======== TASK INPUT
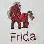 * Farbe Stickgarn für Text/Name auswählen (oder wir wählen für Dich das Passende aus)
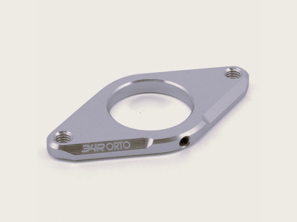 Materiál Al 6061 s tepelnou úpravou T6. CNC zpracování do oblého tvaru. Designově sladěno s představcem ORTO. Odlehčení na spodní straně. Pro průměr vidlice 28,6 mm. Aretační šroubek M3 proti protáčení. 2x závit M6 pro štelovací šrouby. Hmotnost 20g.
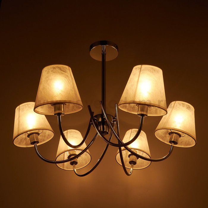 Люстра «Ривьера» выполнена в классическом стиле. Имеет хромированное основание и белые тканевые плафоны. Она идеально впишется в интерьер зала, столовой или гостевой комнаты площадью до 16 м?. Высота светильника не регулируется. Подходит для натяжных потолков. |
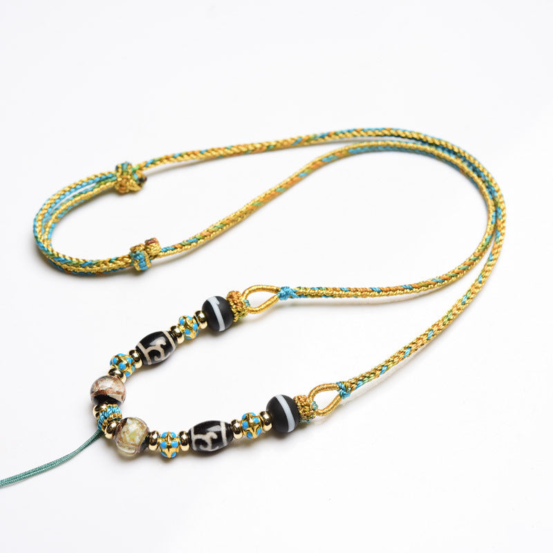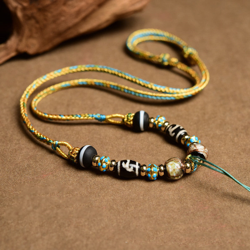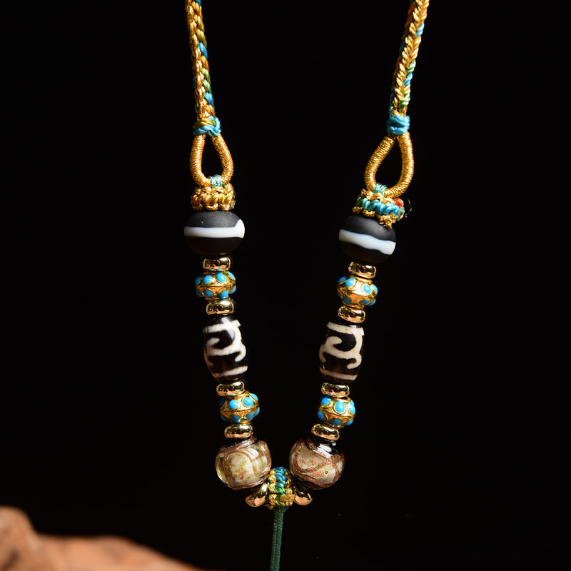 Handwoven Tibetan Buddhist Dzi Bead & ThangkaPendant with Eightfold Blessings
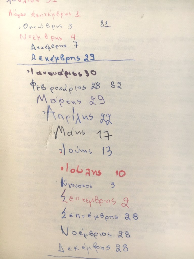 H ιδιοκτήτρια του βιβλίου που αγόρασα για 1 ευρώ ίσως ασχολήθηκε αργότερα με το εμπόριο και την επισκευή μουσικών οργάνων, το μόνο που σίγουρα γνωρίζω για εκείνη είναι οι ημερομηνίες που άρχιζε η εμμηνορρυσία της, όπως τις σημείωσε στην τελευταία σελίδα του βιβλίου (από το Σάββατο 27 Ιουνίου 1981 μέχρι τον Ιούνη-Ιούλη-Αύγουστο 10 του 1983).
================
(PROBLEM DESCRIPTION)
Give every entry again word for word; no images belong in the copy.

(WRITTEN REPLY)
 * Farbe Stickgarn für Text/Name auswählen (oder wir wählen für Dich das Passende aus)
 Materiál Al 6061 s tepelnou úpravou T6. CNC zpracování do oblého tvaru. Designově sladěno s představcem ORTO. Odlehčení na spodní straně. Pro průměr vidlice 28,6 mm. Aretační šroubek M3 proti protáčení. 2x závit M6 pro štelovací šrouby. Hmotnost 20g.
 Люстра «Ривьера» выполнена в классическом стиле. Имеет хромированное основание и белые тканевые плафоны. Она идеально впишется в интерьер зала, столовой или гостевой комнаты площадью до 16 м?. Высота светильника не регулируется. Подходит для натяжных потолков. |
 Handwoven Tibetan Buddhist Dzi Bead & ThangkaPendant with Eightfold Blessings
 H ιδιοκτήτρια του βιβλίου που αγόρασα για 1 ευρώ ίσως ασχολήθηκε αργότερα με το εμπόριο και την επισκευή μουσικών οργάνων, το μόνο που σίγουρα γνωρίζω για εκείνη είναι οι ημερομηνίες που άρχιζε η εμμηνορρυσία της, όπως τις σημείωσε στην τελευταία σελίδα του βιβλίου (από το Σάββατο 27 Ιουνίου 1981 μέχρι τον Ιούνη-Ιούλη-Αύγουστο 10 του 1983).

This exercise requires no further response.